Google said today it is testing end-to-end encryption for RCS-based group chats on its Messages app — RCS stands for Rich Communication Services. The company noted that it will be rolling out this feature to select users that are part of the app’s open beta program in the coming weeks.
This comes after a bunch of Redditors noticed that Google was testing end-to-end encryption for group chats in October. The company’s latest announcement makes it official.
The search giant first started testing end-to-end encryption for individual RCS chats in 2020. In June, it rolled out the feature to all users of its Messages app.
Google has been pushing manufacturers and carriers to adopt RCS — a hypercharged version of SMS with features like typing indicators, delivery, and read receipts.
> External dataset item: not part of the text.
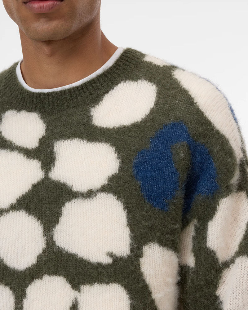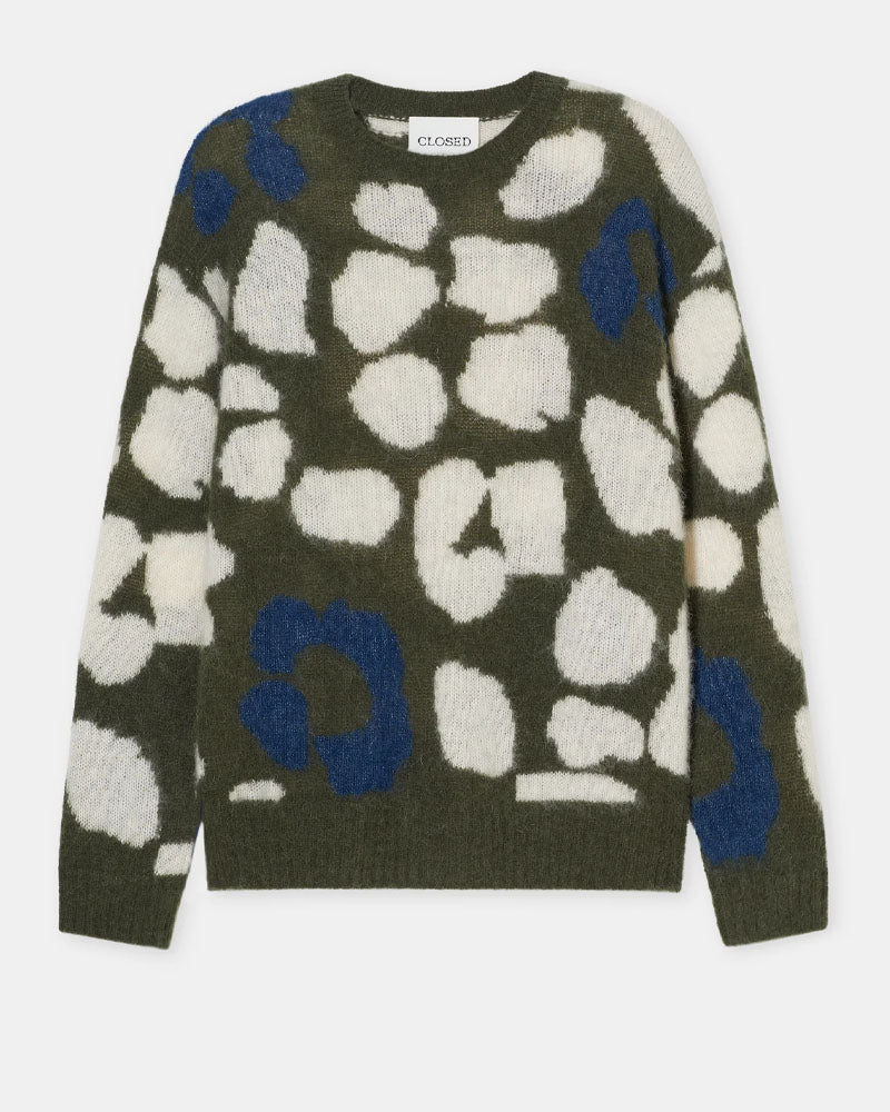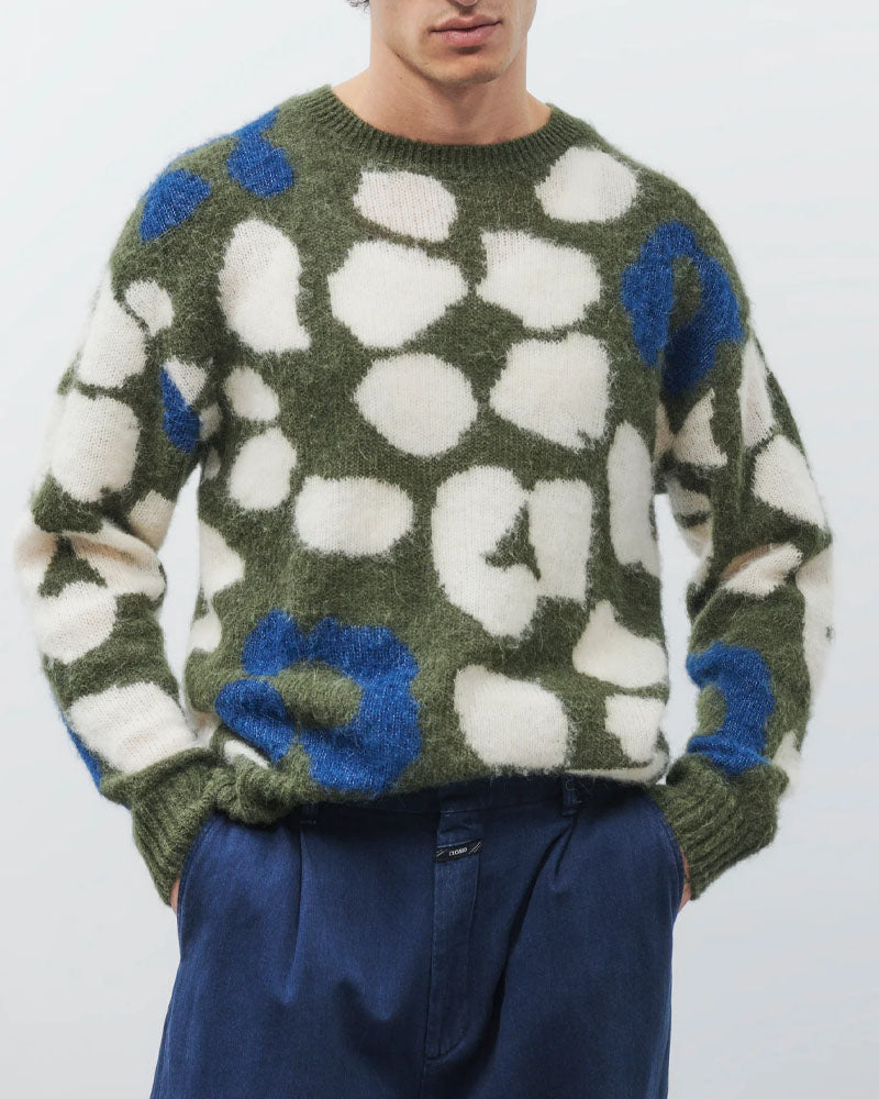 Coupe décontractée / Maille fine / Motif floral intarsia sans couture / Col et poignets côtelés / Finition confortable et structurée

It has been also running campaigns to convince Apple to adopt this standard for its own Messages app. This way, folks using Android would be able to send rich multimedia messages with better photos and videos to their friends using iPhones.
While Apple hasn’t budged yet, Google didn’t miss a chance to nudge the Cupertino-based tech giant once again with the new announcement.
“Today, all of the major mobile carriers and manufacturers have adopted RCS as the standard – except for Apple. Apple refuses to adopt RCS and continues to rely on SMS when people with iPhones message people with Android phones, which means their texting is stuck in the 1990s,” Neena Budhiraja, group product manager for the Messages app, said in a blog post.
“Hopefully, Apple can #GetTheMessage so we don’t have to keep waiting to remove the whole ‘green-versus-blue bubble’ thing. Happy birthday, SMS – you were a great start, and you had a good run, but everyone is ready for an upgrade.”
Google has also tried to bridge the experience across two operating systems by adding features like reaction support for iPhone texts.